__Data provided__:
* * * * * * * * *
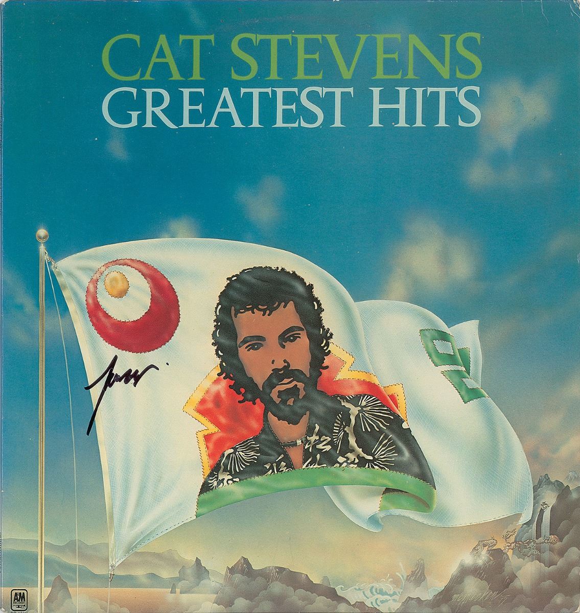 Greatest Hits album signed on the front cover in black felt tip, “Yusuf.” In fine condition. The record is included.
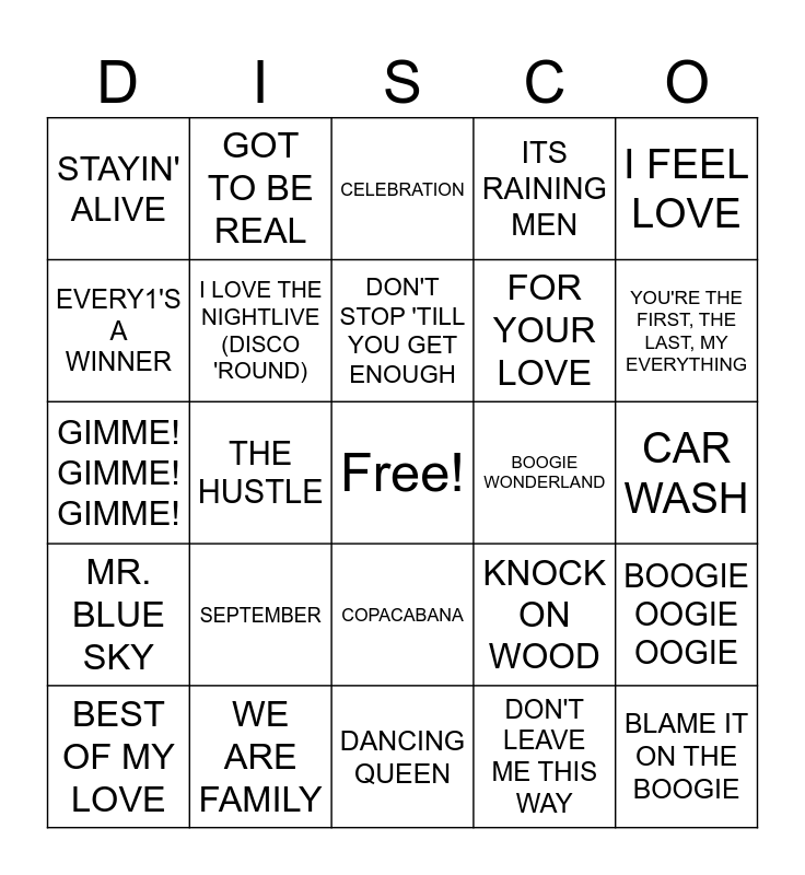 This bingo card has a free space and 24 words: SEPTEMBER, WE ARE FAMILY, DON'T STOP 'TILL YOU GET ENOUGH, BEST OF MY LOVE, I FEEL LOVE, STAYIN' ALIVE, EVERY1'S A WINNER, GOT TO BE REAL, BOOGIE WONDERLAND, COPACABANA, FOR YOUR LOVE, GIMME! GIMME! GIMME!, KNOCK ON WOOD, BOOGIE OOGIE OOGIE, I LOVE THE NIGHTLIVE (DISCO 'ROUND), DON'T LEAVE ME THIS WAY, CAR WASH, CELEBRATION, YOU'RE THE FIRST, THE LAST, MY EVERYTHING, THE HUSTLE, BLAME IT ON THE BOOGIE, MR. BLUE SKY, ITS RAINING MEN and DANCING QUEEN.
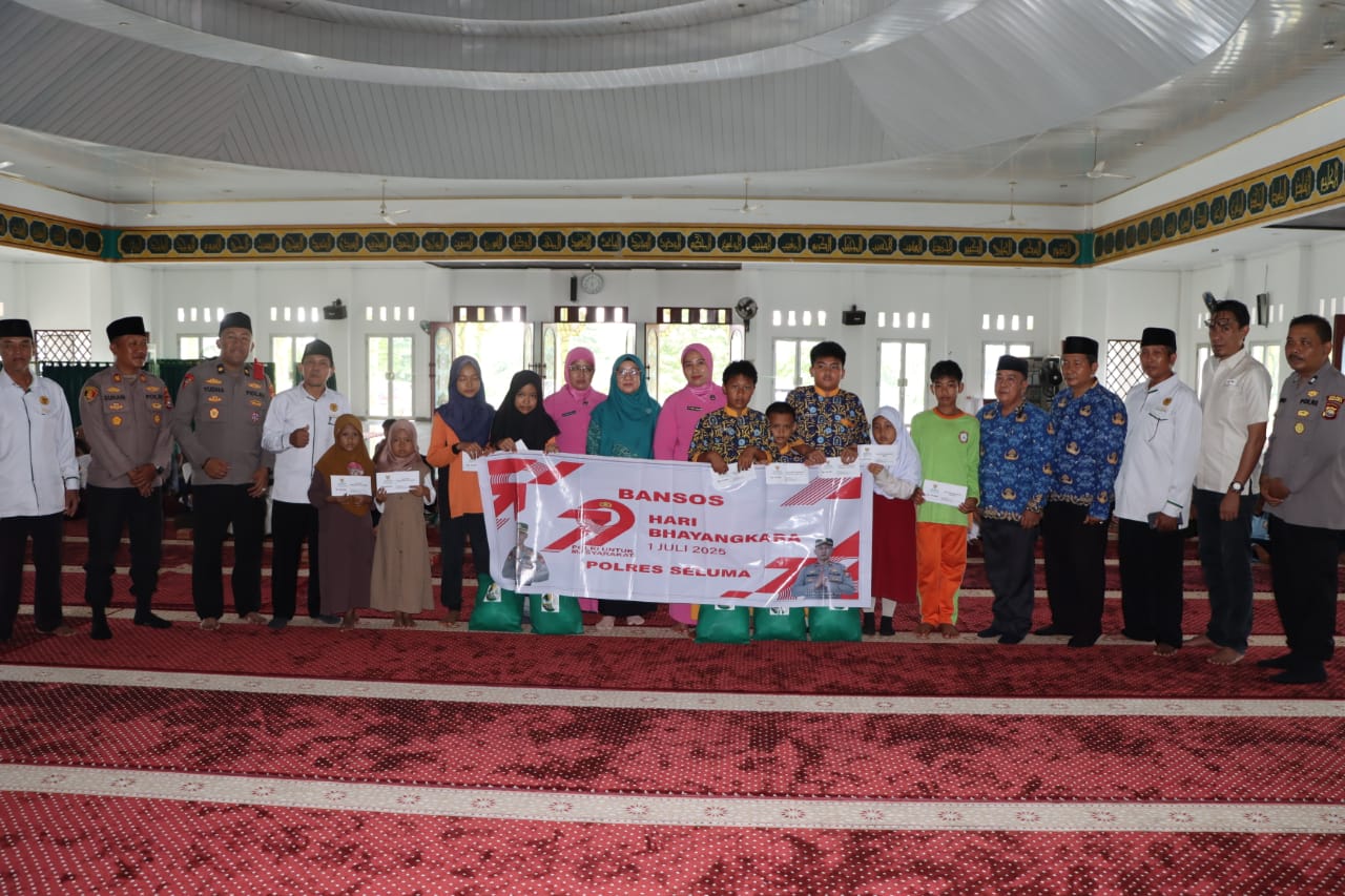 Seluma - Selasa tanggal 17 Juni 2025, Pukul 10.00 Wib Bertempat di Masjid Falihin Polres Seluma melaksanakan kegiatan Pembagian Bantuan Sosial kepada anak Yatim/Piatu dalam rangka memperingati HUT Bhayangkara ke 79
* * * * * * * * *
__About this exercise__: Word for word, return the material above, but drop the pictures.

__Answer to this task__:
 Greatest Hits album signed on the front cover in black felt tip, “Yusuf.” In fine condition. The record is included.
 This bingo card has a free space and 24 words: SEPTEMBER, WE ARE FAMILY, DON'T STOP 'TILL YOU GET ENOUGH, BEST OF MY LOVE, I FEEL LOVE, STAYIN' ALIVE, EVERY1'S A WINNER, GOT TO BE REAL, BOOGIE WONDERLAND, COPACABANA, FOR YOUR LOVE, GIMME! GIMME! GIMME!, KNOCK ON WOOD, BOOGIE OOGIE OOGIE, I LOVE THE NIGHTLIVE (DISCO 'ROUND), DON'T LEAVE ME THIS WAY, CAR WASH, CELEBRATION, YOU'RE THE FIRST, THE LAST, MY EVERYTHING, THE HUSTLE, BLAME IT ON THE BOOGIE, MR. BLUE SKY, ITS RAINING MEN and DANCING QUEEN.
 Seluma - Selasa tanggal 17 Juni 2025, Pukul 10.00 Wib Bertempat di Masjid Falihin Polres Seluma melaksanakan kegiatan Pembagian Bantuan Sosial kepada anak Yatim/Piatu dalam rangka memperingati HUT Bhayangkara ke 79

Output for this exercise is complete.